About 30,000 thoroughbreds are foaled each year in the U.S., 20 of them qualify to be loaded into the starting gate at next month's Kentucky Derby, and Dodgers manager Joe Torre is part-owner of one of them.
On Wednesday at Churchill Downs in Louisville, Ky., site of the May 1 $2 million Kentucky Derby, Torre will meet for the first time Homeboykris, then return to Cincinnati in time for that night's Dodgers-Reds game. Barring something unforeseen, Homeboykris has just enough graded-stakes earnings to make the cut for the Run for the Roses.
And Torre admits he's about to come down with a serious case of Derby Fever.
"I think it's going to hit me when I see him," said Torre, who has owned race horses since 2004 but has never seen Homeboykris in person. "It's going to be exciting."
Torre had a runner in the female equivalent of the Derby, the 2005 Kentucky Oaks, in which his Sis City finished fourth as the odds-on favorite. He's never had a starter in the Kentucky Derby. Few horse owners have.
George Steinbrenner, Torre's boss with the Yankees, has had a passion for racing virtually the equal of his love for the Yankees and baseball. Steinbrenner has had six Derby entrants without a win, including 2005 favorite Bellamy Road, who was injured in the race.
"When I think of the Derby, I think of Steinbrenner," said Torre. "That's the one missing piece from his trophy case."
Torre will be the rare Derby horse owner who won't be present at Churchill Downs to watch him run, because that night the Dodgers will be hosting Pittsburgh at Dodger Stadium.
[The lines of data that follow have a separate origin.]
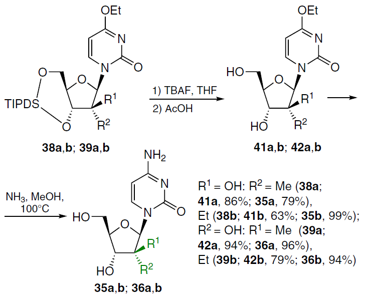Removal of the tetraisopropyldisiloxanyl-1,3-diyl (TIPDS) protecting group in compounds 38a,b with tetra-n-butylammonium fluoride (TBAF) in THF followed by heating of intermediates 41a,b in methanol saturated with NH3 at 100°C in a sealed vial gave the corresponding 2'-alkyl-1-(arabinofuranosyl)cytosines 35a,b (Scheme 5).[58] Under similar conditions, compounds 39a,b were deprotected to afford 4-ethoxy-substituted 2'-methyl- (42a) and 2'-ethyl-β-D-ribofuranosylpyrimidin-2(1H)-ones (42b) in 94% and 79% yield, respectively. Ammonolysis of compounds 42a,b under the conditions described above furnished 2'-C-methyl- (36a) and 2'-C-ethyl derivatives (36b) in high yields.
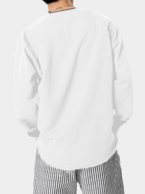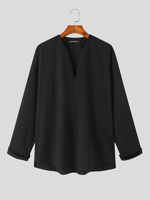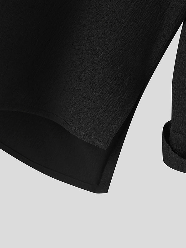 Mens Solid Texture Notched Neck Shirt SKUK11249
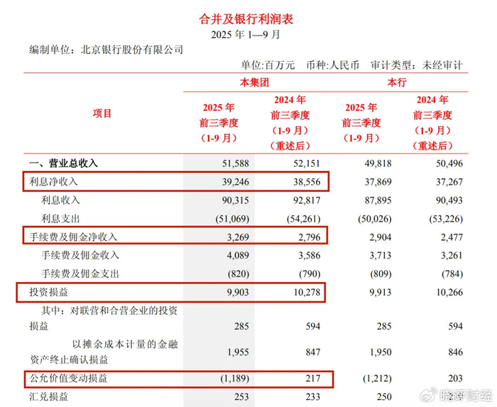 但在投资业务上,2025年前九月,北京银行的投资收益为99.03亿元,同比减少3.75亿元,下降3.6%;公允价值变动收益为-11.89亿元,较上年同期的2.17亿元减少14.06亿元,在三季度债市波动的背景下,投资业务反而成为北京银行业绩的拖累。
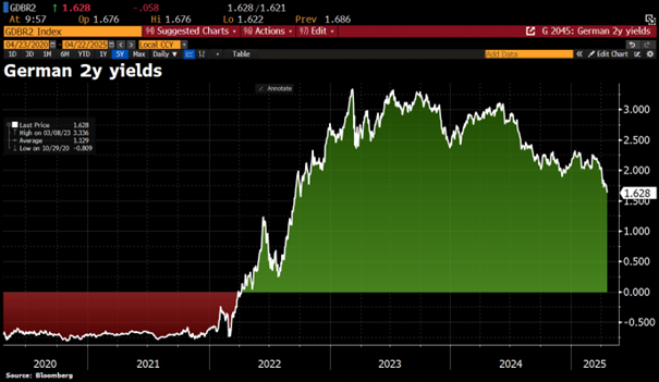 Stimmt - der plötzliche Schwenk Richtung Zölle und auch die jüngsten Aussagen zur Untergrabung der geoldpolitischen Autorität des FED haben dazu geführt, dass Kapital aus den US-Staatsanleihen (die nun deutlich höhere Renditen aufweisen) u.a. in Deutsche Staatsanleihen geflossen sind und daher auch die daraus abgeleiteten EUR-SWAPs nun deutlich tiefer notieren als noch vor einem Monat. Einige Banken haben ja darauf schon reagiert und ihre Fixzinssätze "nach unten" angepasst. btw: noch stärker reagiert der Geldmarkt, der infolge der Erwartungshaltung einer durch den sinkenden Dollar auch fallenden Inflationserwartung eine weitere Senkung des Leitzinssatzes berücksichtigt. Der 3M EURIBOR notiert heute 5(!) BP tiefer als Freitag. |
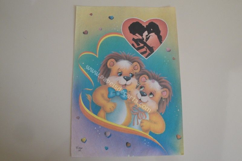 Papel de carta grande Cartiuge - 38 - Um casal de leões abraçados.

He'll watch the race on his office flat screen before batting practice.
"I hope my wife gets to go," Torre said. "She's starting to get a little excited."
Torre was re-introduced to racing by his bench coach with the Yankees, Don Zimmer, in 1996. A $300 "investment" became a $600 profit and "that was the end of my life," Torre joked.
Through Zimmer, Torre met trainer Richard Dutrow Sr., then his son Richard Dutrow Jr., who trained 2008 Kentucky Derby and Preakness winner Big Brown and who trains Homeboykris.
The younger Dutrow introduced Torre to the late trainer Bobby Frankel, who included Torre and New York restaurateur Louis Lazzinnaro in a partnership that in 2008 paid $250,000 for Vineyard Haven, an unfashionably bred 2-year-old. Three months and two key wins later, they sold him for a windfall $12 million to the Godolphin Stable of Sheikh Mohammed bin Rashid Al Maktoum, the United Arab Emirates vice president, prime minister and ruler of Dubai.
"I always said to Bobby, 'find us a Derby horse.' So he calls and says he's found a horse, didn't say Derby horse, but he says he's found a horse and he's only letting me and Louie in, 'are you interested?"' said Torre.
Torre said yes and didn't ask how much. Frankel retained 60 percent, Torre and Lazzinnaro 20 percent each. In Vineyard Haven's second race for the partnership, he won the $250,000 Grade I Hopeful Stakes. Then he won the $400,000 Grade I Champagne Stakes hours before Torre and the Dodgers clinched the first-round of the playoffs.
It also was the last time Vineyard Haven would race in Torre's name. The sheikh called. Frankel turned down $8 million, then $10 million. But Sheikh Mohammed doesn't take no for an answer.
"We weren't thinking of the money, we were thinking of the excitement of the Derby," said Torre. "Then they offered $12 million and you start thinking how much money that is. Bobby sold him. The next day he had seller's remorse."
Now the partnership is back, living the Derby dream. Lazzinnaro sold to Torre's Diamond Pride Stable some of his interest in Homeboykris, who like Vineyard Haven won the Champagne Stakes as a 2-year-old and has been training up to the Derby without recent races while many of his rivals have dueled in the traditional Triple Crown preps.